DATA RECORDS
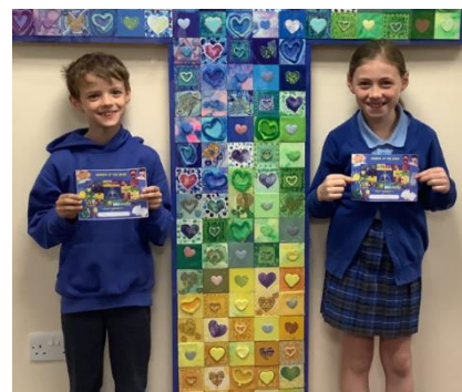
Year 4 Award Winners
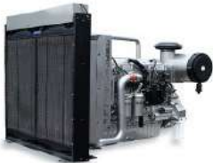
PERKINS Engine 2806A-E18TTAG 5
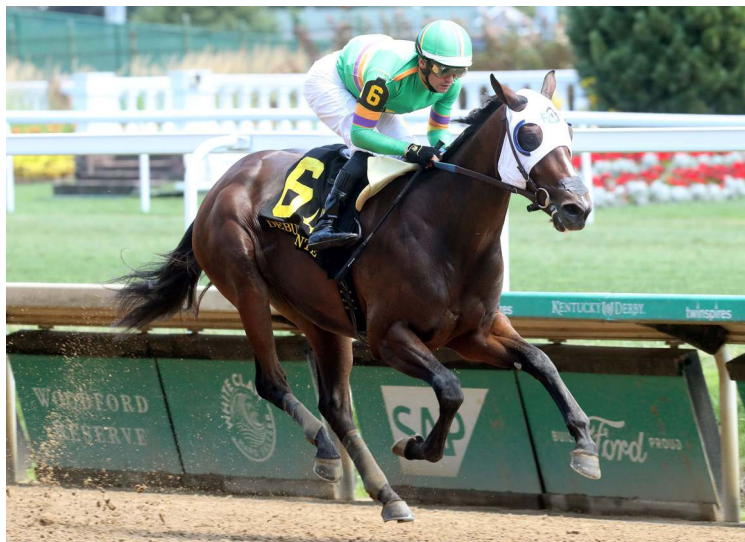
Vodka With a Twist

Most recently clocked in a five furlong move in :59.80 (4/71), the multiple Grade I-placed filly has been on the sidelines since running third behind GISW Tenma (Nyquist) and SW & GSP Look Forward (Bolt d'Oro) in the GII Starlet Stakes at Los Alamitos Dec. 7.
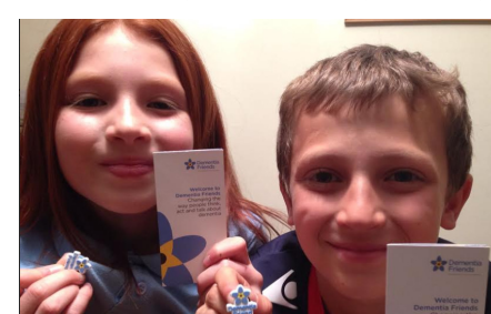
Become a Dementia Friend

Be aware of this as you may need to help in a different way. Allow them to maintain their dignity, self-respect and privacy. Do not take offence if they refuse help at a particular time. Be sure to continue to support. Be prepared to offer again on another occasion.
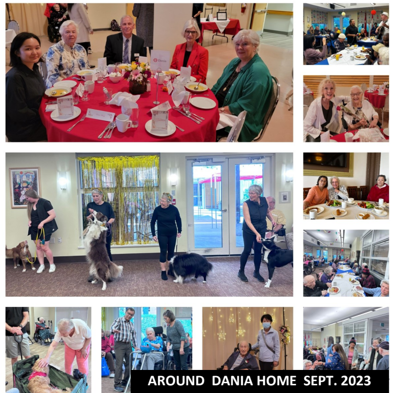
AROUND DANIA HOME SEPT. 2023
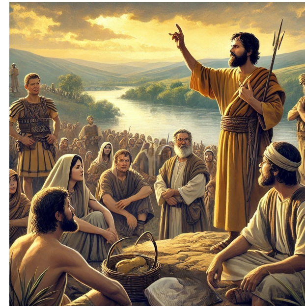
“The word of God came to John, Son Of Zechariah in the wilderness”
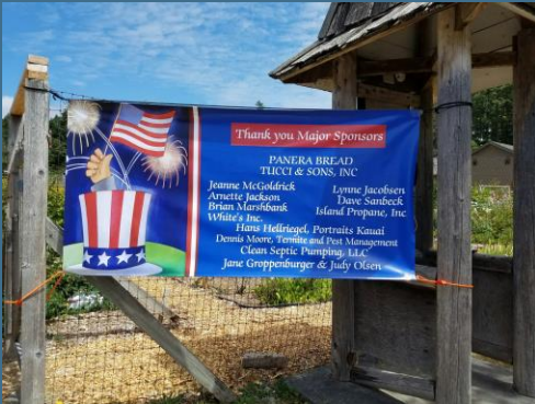
Thanks to our sponsors for the Salmon Bake!
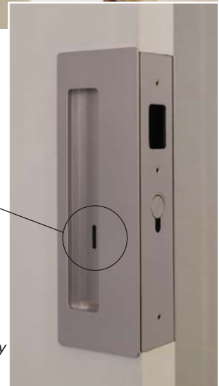
5 - CL400 Privacy - Emergency Release/Snib option. Matte Chrome finish.

Emergency Release can be activated with a pen in an emergency.
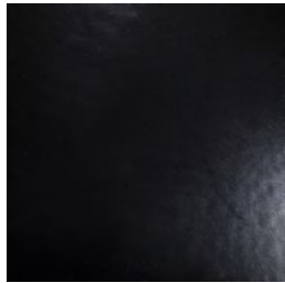
Black | BK
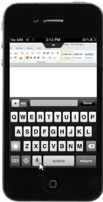
Figure 1 - iPhone

See that microphone key on the GoToMyPC mobile app keyboard? It means you can talk into your mobile device instead of typing, and your words will be sent as text to your host computer.
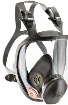
2867142 Full Mask
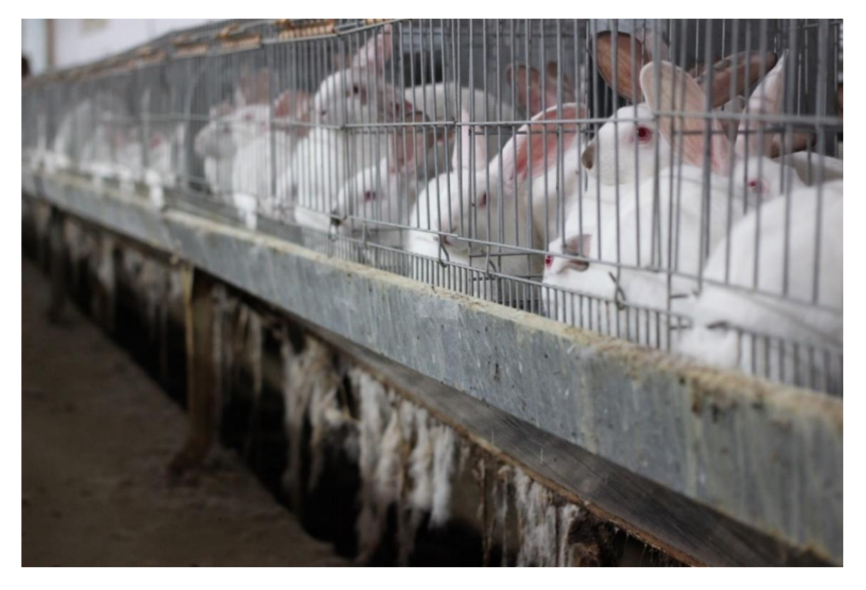
Figure 24: Conventional barren cages for growing (meat) rabbits.

V. Health, welfare and production of farmed rabbits in cage and non-cage systems

TASK INSTRUCTIONS
Pull every line containing "Emergency" out of the entries.

FINISHED EXERCISE
5 - CL400 Privacy - Emergency Release/Snib option. Matte Chrome finish.
Emergency Release can be activated with a pen in an emergency.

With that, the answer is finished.